• Directions for this task:
Down to the last line below, write out every line exactly, starting with the one that contains "Click Update Submit" and leaving out the pictures.

• Dataset excerpt:
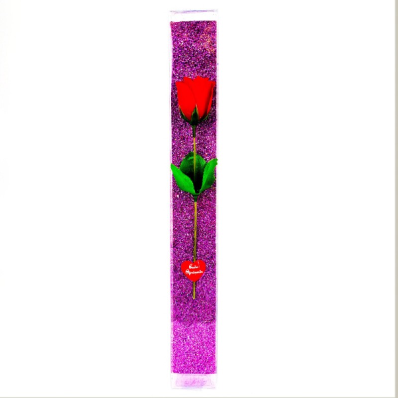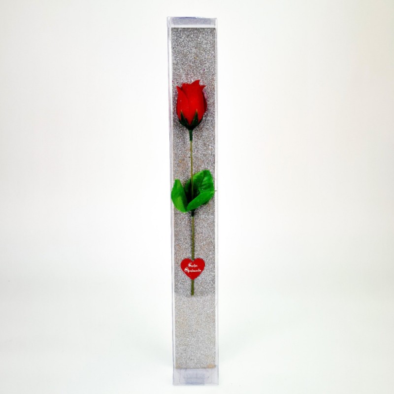 1 adet Şeffaf Simli Kutulu Gül - Öğretmenler Günü Hediyesi
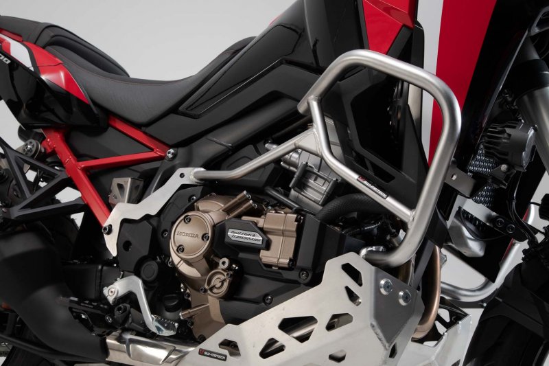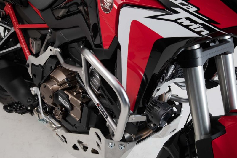 The sturdy stainless steel crash bar for the Honda Africa Twin CRF1100L protects both the engine and components from damage due to falls and scratches. The use of blasted and electropolished stainless steel offers an advantage over coated steel in that damage to the crash bar cannot lead to a loss in corrosion resistance.
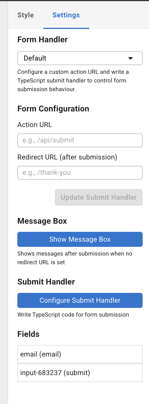 Click Update Submit Handler after editing code or changing the Action/Redirect URLs — this recompiles the TypeScript and regenerates the minified JavaScript that runs in the browser.
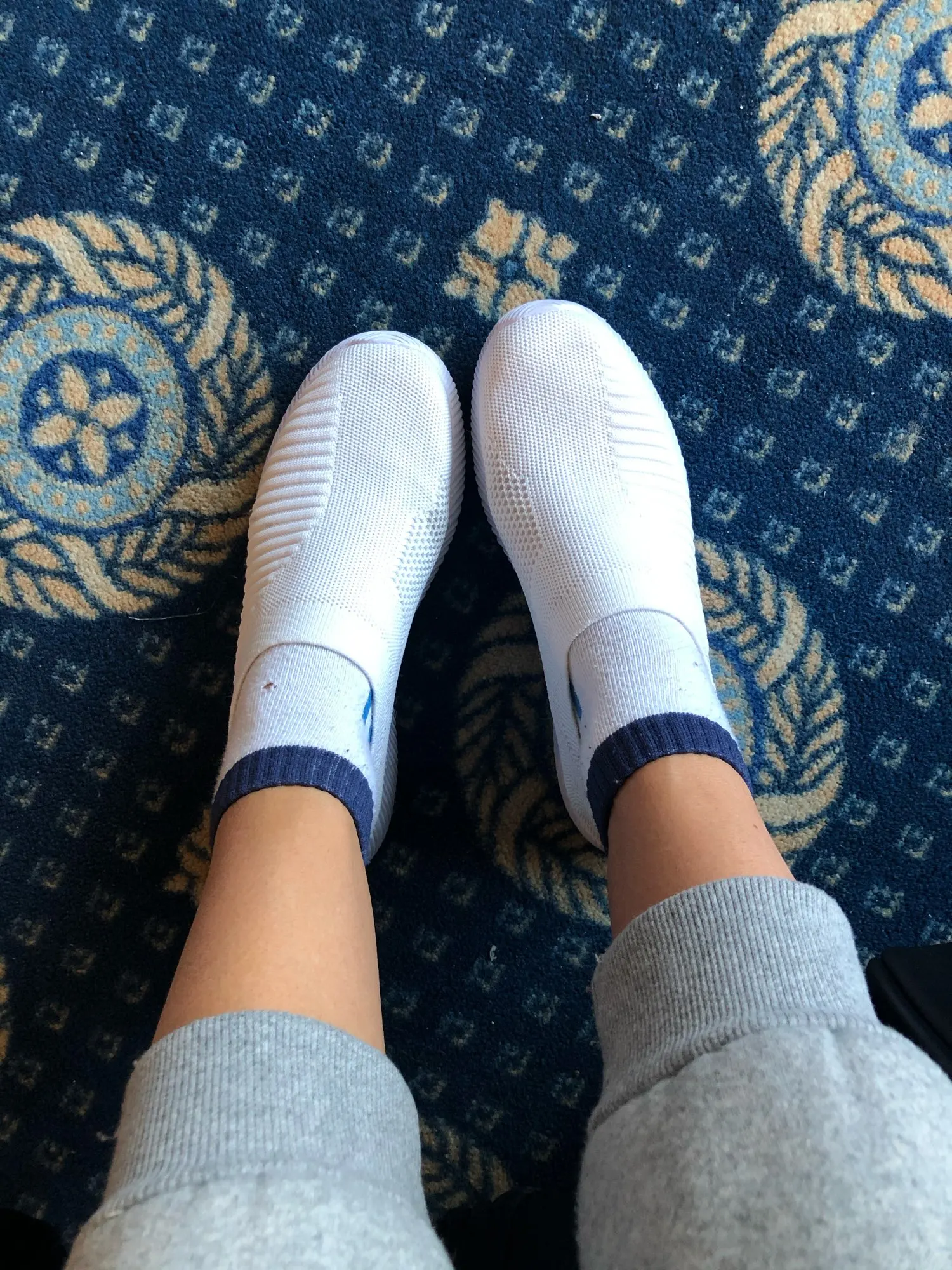 Тапочки супер удобные, легкие, мягкие. Я в них танцую на голую ногу, немного натирает мизинцы, но мне любая новая обувь натирает обычно. Немного большемерят, буквально на полсантиметра, размер 6 на стопу 23.5 чуть большеваты, но резинка хорошо держит, поэтому ок. Стиральную машинку отлично пережили, но отстирываются плохо, белые уж очень маркие.

• Exercise output:
 Click Update Submit Handler after editing code or changing the Action/Redirect URLs — this recompiles the TypeScript and regenerates the minified JavaScript that runs in the browser.
 Тапочки супер удобные, легкие, мягкие. Я в них танцую на голую ногу, немного натирает мизинцы, но мне любая новая обувь натирает обычно. Немного большемерят, буквально на полсантиметра, размер 6 на стопу 23.5 чуть большеваты, но резинка хорошо держит, поэтому ок. Стиральную машинку отлично пережили, но отстирываются плохо, белые уж очень маркие.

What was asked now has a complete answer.